Consider using newline, semicolon, or comma before this statement for readability.

Oh dear, seems I was wrong on (at least) two counts above…

First, the first set of brackets seem to do nothing. I was sure you normally needed a comma after the condition expression, but apparently not?!

Second, the command in variant #4 still doesn’t qualify as part of the if condition. So after having satisfied the if true condition, first the result of the unsuppressed command or 10< 9.9 is displayed in the command window:

ans =
  1×3 logical array
   1   1   1

then ‘Yaba’ is displayed!

That behaviour is of course the reason the main puzzle results in Daba, after seeing that the full condition of the if statement is just false. I don’t think that an if statement skipping the block it would execute if true and proceeding to the else block can be described as short-circuit evaluation, but maybe my understanding of execution engine theory falls short here.

The variants are fun, too.

In variant #2 we pass the if condition and get to the function call to or (disguised as a binary operator to fool users of more verbose languages than MATLAB) with only one argument – throwing an exception that results in a Doo!

In variant #3 nothing changes, because of course 10< 9.9 just evaluates to a scalar false which still isn’t an adequate input to the or function. But of course this is just a set up for

variant #4, which cunningly uses command syntax to pass two character vector arguments to or, each carefully engineered to be three characters long so that we evaluate the equivalent of ’10<‘ | ‘9.9’ which is a valid vector boolean operation. Since none of the characters involved is the null character the result is `[true true true]` so we finally get a `Yaba`.

Happy April Fools’!

new here 🙂

nice puzzle. I have never used ‘or’ like that, only used function or(A,B), or the || operator. I would have expected error there…so that was my answer 🙂
Now I’ll need to review my knowledge on syntax…

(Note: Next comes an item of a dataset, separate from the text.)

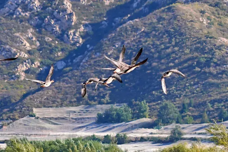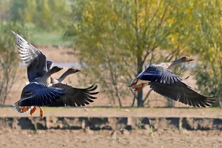 它们的翅膀有力地扇动着,划破空气发出“呼呼”的声响,像是大自然奏响的独特乐章。阳光洒在它们灰褐色的羽毛上,泛着柔和的光泽,橙红色的脚掌在空中微微蜷缩,又随着飞行的节奏舒展,那姿态,既有着迁徙者的坚毅,又透着几分灵动的俏皮。
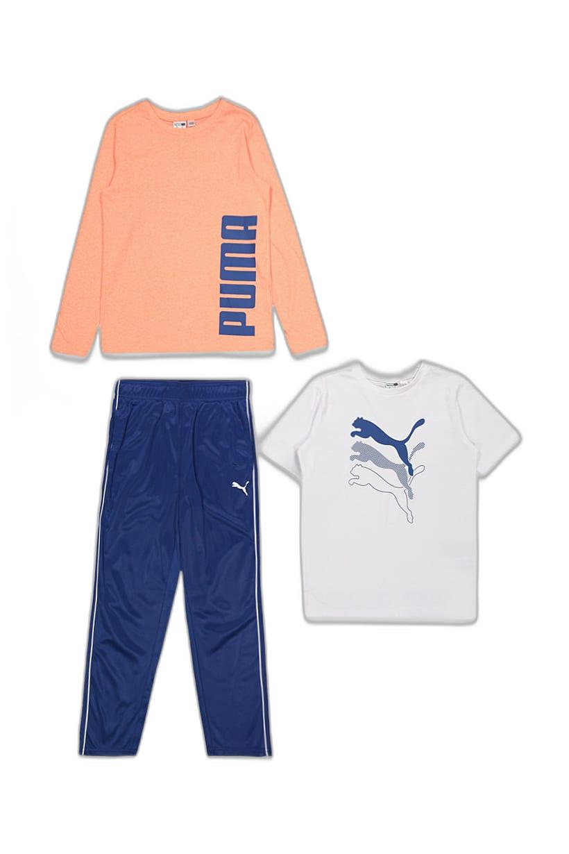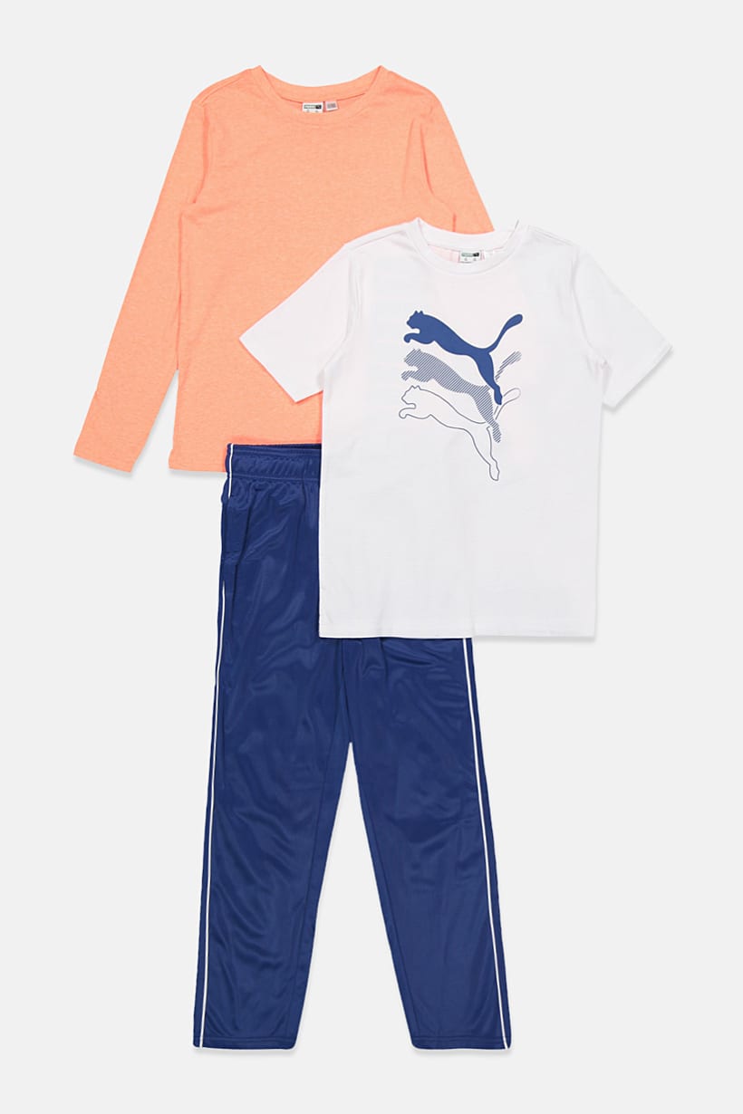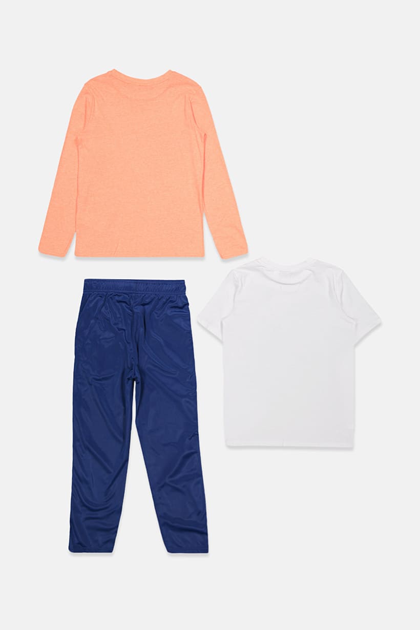 | sub_Categories | Boys Fashion, Boys Sportswear, kids boy 3 pcs brand logo graphic tee and pants set blue white coral |

I suspect the reason for this stems from the support for a single line if. I suspect Matlab parses everything from the if to the end of the first function call (or of course || or &&) as the conditional.

%triggers the else branch:
if (true && false) or (true)
%  ^. . . . . . .^
%this is parsed as the conditional (space delimited command)
if (true && false) or (true)
%                  ^. . . .^ 
%This is considered the code to be executed on if, because there is no
%logical operator there, and the preceding part is a complete command.
%Removing the parentheses there will not make a difference, as the space is
%still demarcating the logical statement from the consequence code.

Replacing the true and if statements by anything that returns those statements does not change the parsing. Removing the parentheses will only change the or() call to be in the char mode, which would then still be missing its second input. Curiously, you can’t enter a false in char mode. If you try with eval to have a char(0) to force a false, an error is returned instead (not enough inputs), as eval seems to crop from char(0) onwards.

if (false) || (true)
etc

the parsing is:

if false,
 or(true)
 disp(1)
else
 disp(2)
end